Additionally, once nvargus-daemon enters this state it appears that it is often broken until it is restarted. We’ve observed two typical behaviors:

  1. nvargus-daemon crashes with a SIGSEGV.
  2. nvargus-daemon errors out on new GStreamer nvarguscamerasrc connections until it is restarted. Notably restarting nvargus-daemon without restarting the device will cause the video to recover, leading us to believe the issue lies solely within nvargus-daemon recovery routines. We can test the failed recovery by running GStreamer via command line and seeing the failure.
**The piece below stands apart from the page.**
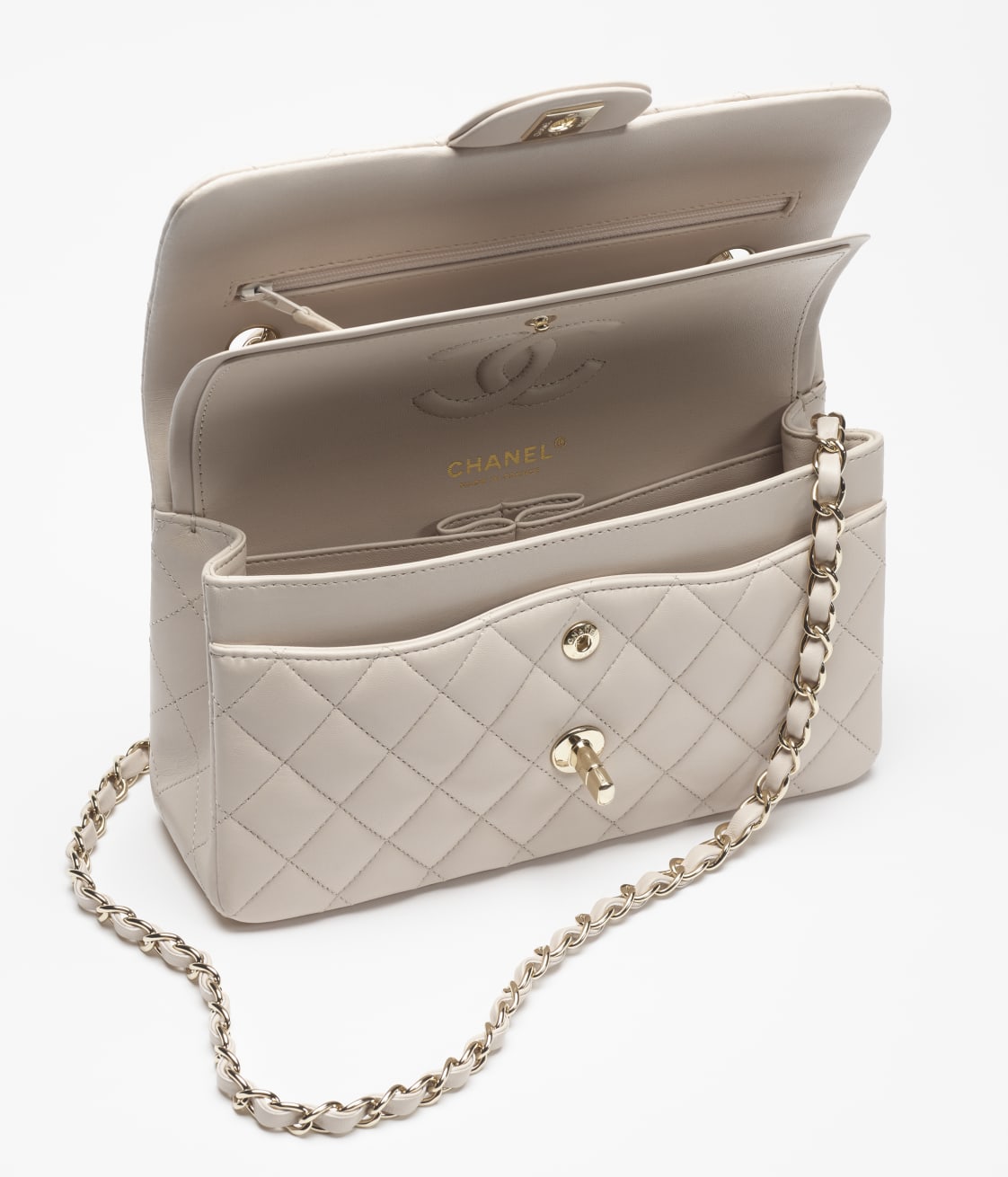 This small classic double flap bag is crafted in light beige lambskin with gold-tone hardware, featuring the signature CC turnlock closure on the front flap, half-moon back pockets, and an adjustable gold-tone interwoven chain link and light beige leather shoulder strap.

Here’s an example of the error we see while trying to reattach without restarting nvargus-daemon:

system:~# gst-launch-1.0 nvarguscamerasrc ! ‘video/x-raw(memory:NVMM), width=(int)3840, height=(int)2160, format=(string)NV12, framerate=(fraction)24/1’ ! omxh264enc control-rate=2 bitrate=30000000 iframeinterval=6 ! ‘video/x-h264, stream-format=(string)byte-stream’ ! h264parse ! matroskamux ! filesink location=/home/default/test1.mkv
Setting pipeline to PAUSED …
Pipeline is live and does not need PREROLL …
Setting pipeline to PLAYING …
New clock: GstSystemClock
Framerate set to : 24 at NvxVideoEncoderSetParameterNvMMLiteOpen : Block : BlockType = 4
===== NVMEDIA: NVENC =====
NvMMLiteBlockCreate : Block : BlockType = 4
Error generated. /dvs/git/dirty/git-master_linux/multimedia/nvgstreamer/gst-nvarguscamera/gstnvarguscamerasrc.cpp, execute:568 Failed to create CaptureSession
H264: Profile = 66, Level = 40
Got EOS from element “pipeline0”.
Execution ended after 0:00:00.061002761
Setting pipeline to PAUSED …
Setting pipeline to READY …
Setting pipeline to NULL …
Freeing pipeline …
system:~#

Restarting nvargus-daemon, waiting 15 seconds, and then issuing the command above again results in successfully video recording.

We’ve observed several other forum threads regarding nvargus-daemon recovery issues, with most recommending a restart of nvargus-daemon as the solution. For example:

Unfortunately, our customer is quite displeased with this recovery approach due to its lack of stability and loss of recording time.

So, we have two questions:

  1. We’ve reviewed the release notes from 32.4.2 onwards (https://developer.nvidia.com/embedded/jetson-linux-archive), and fix 200661319 from 32.5 seems like it may be related to the issues we’ve observed above. Can NVIDIA provide more details around what was fixed here? It looks like the discussion thread was here: GStreamer lockup with H.264 encoder from nvarguscamerasrc
  2. Have there been any other fixes matching this description that we have overlooked?

this is very old release version. please moving to JetPack 4.6.4/ L4T 32.7.4 for verification if that’s possible.

BTW,
please see-also… JetPack 4 Reaches End of Life

Noted.
Are you able to provide any further detail on the bugfix 200661319?

it’s sync issue with g_queue,
there’s fix of adding error checks in queue operations making it thread-safe.

1 Like

This topic was automatically closed 14 days after the last reply. New replies are no longer allowed.